* _Exercise data_:
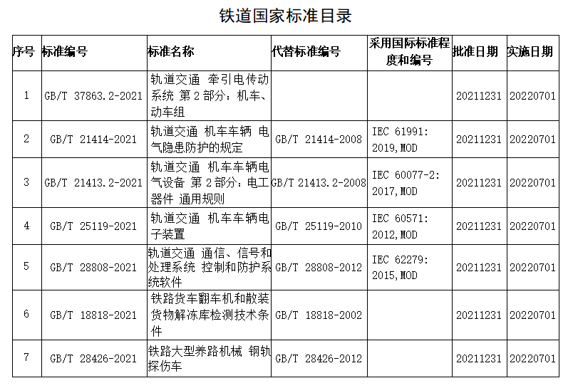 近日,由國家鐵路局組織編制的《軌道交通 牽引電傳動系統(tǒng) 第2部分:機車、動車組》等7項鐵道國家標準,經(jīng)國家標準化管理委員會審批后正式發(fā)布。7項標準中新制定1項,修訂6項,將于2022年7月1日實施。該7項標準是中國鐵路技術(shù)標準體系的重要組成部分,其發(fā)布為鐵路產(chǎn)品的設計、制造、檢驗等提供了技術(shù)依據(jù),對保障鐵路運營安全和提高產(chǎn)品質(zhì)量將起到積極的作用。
---
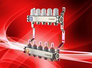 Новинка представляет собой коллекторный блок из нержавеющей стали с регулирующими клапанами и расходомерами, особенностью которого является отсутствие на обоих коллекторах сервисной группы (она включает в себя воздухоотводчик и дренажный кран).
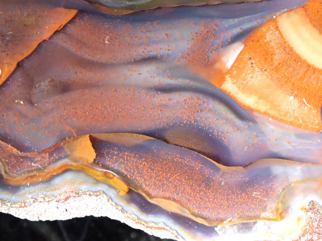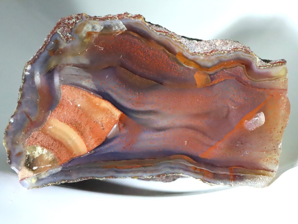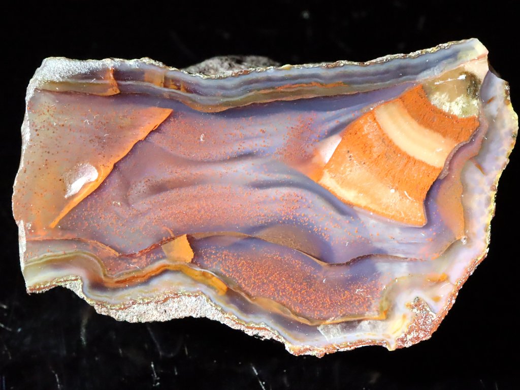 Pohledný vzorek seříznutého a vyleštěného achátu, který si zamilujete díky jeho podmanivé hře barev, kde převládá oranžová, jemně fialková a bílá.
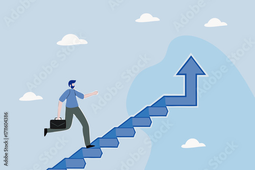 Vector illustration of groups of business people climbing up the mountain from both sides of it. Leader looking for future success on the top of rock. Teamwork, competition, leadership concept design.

* _Work request_:
Taking the entries above, extract every line from the one bearing "Новинка представляет собой" through the one bearing "Vector illustration of", exactly, with no pictures.

* _Output of the exercise_:
 Новинка представляет собой коллекторный блок из нержавеющей стали с регулирующими клапанами и расходомерами, особенностью которого является отсутствие на обоих коллекторах сервисной группы (она включает в себя воздухоотводчик и дренажный кран).
 Pohledný vzorek seříznutého a vyleštěného achátu, který si zamilujete díky jeho podmanivé hře barev, kde převládá oranžová, jemně fialková a bílá.
 Vector illustration of groups of business people climbing up the mountain from both sides of it. Leader looking for future success on the top of rock. Teamwork, competition, leadership concept design.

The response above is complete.